My mom was my hero before becoming a nurse

At the end of Women’s History Month, a student describes her mom’s influence on her life.

ETHAN CARROLL / TEMPLE NEWS

Growing up, I’ve always been compared to my mother in appearance, personality and for my caring nature. It’s my favorite compliment because my mom is the most influential woman in my life. 

The world has deemed healthcare workers modern heroes, which is a truly deserved title, but my mom proved her hero status to me years ago.

By the time I was four and my sister was two years old, my mom had spent three years as a stay-at-home mom. She grew restless at home and began a part-time cashier position at Toys “R” Us, but she knew she had a more fulfilling career path ahead of her.

She was driven by her passion to help people and enrolled at the Community College of Philadelphia in January 2009 to complete an associate degree in Culture, Science, and Technology.

As young kids, my sister and I tended to get in the way of my mom’s schoolwork, often distracting her by making messes around the house and constantly yelling out her name. Still, we sometimes managed to help her. 

During the holidays when I was younger, our house was decorated with Christmas-themed stuffed animals on our couch. One day, my sister and I saw my mom talking to them and we thought she looked silly, so I asked her what she was talking about. 

She said she was giving the stuffed animals an important presentation because she was anxious about doing it in front of her classmates. Needing to be involved, I ran upstairs, grabbed some of my favorite stuffed animals and plopped myself on the couch, giving her more “people” to practice in front of. 

With the encouragement of her family, she never looked back. I was headed into fourth grade and my sister into second grade, so my mom held tightly onto our relationship as she stepped into a nursing career.

She attended Abington Memorial Hospital Dixon School of Nursing in Horsham, Pennsylvania, as a full-time student and full-time mom from August 2011 to May 2013 and earned her diploma as a registered nurse. 

My mom then worked for a year as a patient care assistant nurse in the surgical trauma and neurocritical care units at Jefferson Abington Hospital and another year as a registered nurse, charge nurse and medication nurse at The Horsham Clinic in Ambler. 

During those years, my mom balanced her day jobs with night classes at Pennsylvania State University working toward her nursing degree, which she earned in August 2015. 

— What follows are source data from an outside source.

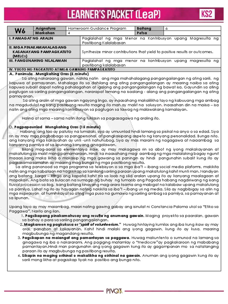 KASANAYANG PAMPAGKATUTO Synthesize minor contributions that yield to positive results or outcomes.
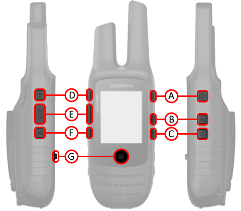 | move Thumb Stick (G) left or right to adjust display brightness. | 1. Press and hold to transmit audio over selected frequency (channel). | |
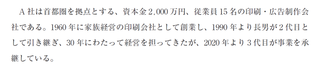 ここで登場する3代目はただの後継者候補ではなく、「“A社での経験のなかった”3代目」ということがポイントです。既存事業の経営・技術承継等を進めるのであれば、A社で経験があるに越したことはありません。そうなると既存事業ではなく、イノベーションが必要な新規事業関連で能力発揮を期待したから?など、この一文がヒントとなり予想することができます。
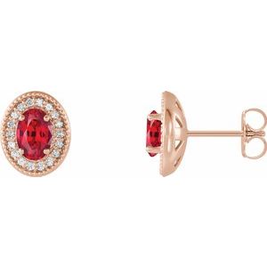 Boucles d'oreilles halo de style rubis rose 14K et diamant 1/8 CTW
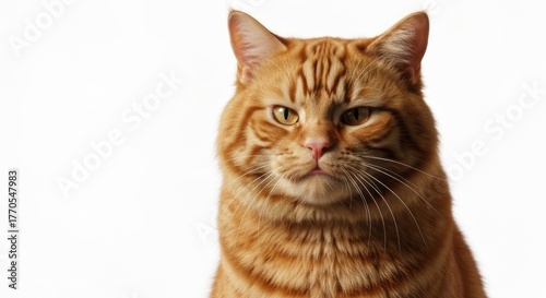 © arif, Obraz premium Orange tabby cat portrait, direct gaze, furrowed brow, isolated on white backdrop
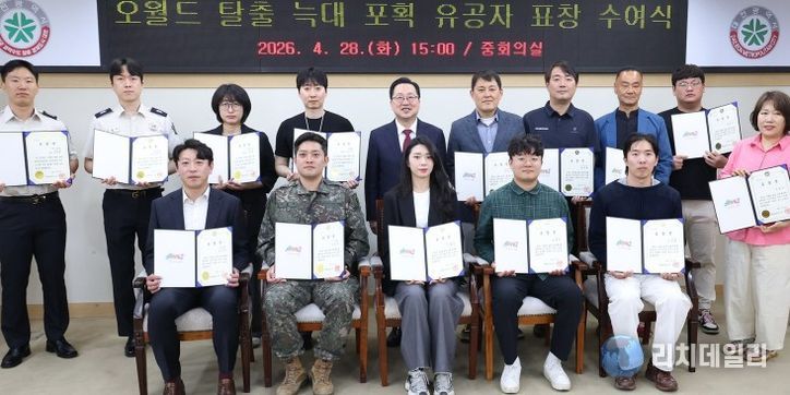 리치데일리 김상현 기자 | 대전시는 4월 28일 오후 3시 시청 중회의실에서 대전오월드를 탈출한 늑대‘늑구’를 생포하는데 기여한 민간 유공자와 공무원 등 총 15명에게 표창을 수여했다.

I was seven years old when my mom started school and 13 years old when she completed it. Although I didn’t realize it at the time, I watched my mom finally realize that she is capable of doing what she loves.

Since 2014, she’s worked as a registered nurse and charge nurse in medical surgical, abdominal organ transplant and transgender units at Temple University Hospital. Recently, she was offered a position in Temple’s cardiac intensive care unit.

During the past two years of the pandemic, my mom has been consumed with work as a nurse at Temple University Hospital, caring for hundreds of COVID-19 patients and silently mourning when many of them passed away. She contracted the virus twice, resulting in the permanent dysfunction of her taste and smell. Although her work can be an emotional rollercoaster, she never faltered in her desire to help people.

Despite the emotional and physical trauma associated with being a healthcare worker during the pandemic, she consistently prioritized her role as a mom. 

While she worked draining 12-hour night shifts in the spring of 2020, she spent her free time comforting me. I complained about issues that were small compared to the tragedies in her hospital unit, like losing my senior year of high school due to the pandemic. She validated my feelings, held my hand and lived through isolation with me.

My mom’s constant support encourages me to pursue any path that I love no matter how many times it changes because I know she will be there through every step. Watching her balance the roles of a student, nurse and parent inspired me to know I’m capable of anything I have the will to achieve. 

I aspire to be a woman who lives with the same vein of care and dedication as her. My mother has always been a hero, but I am proud to see her now receiving the recognition she deserves.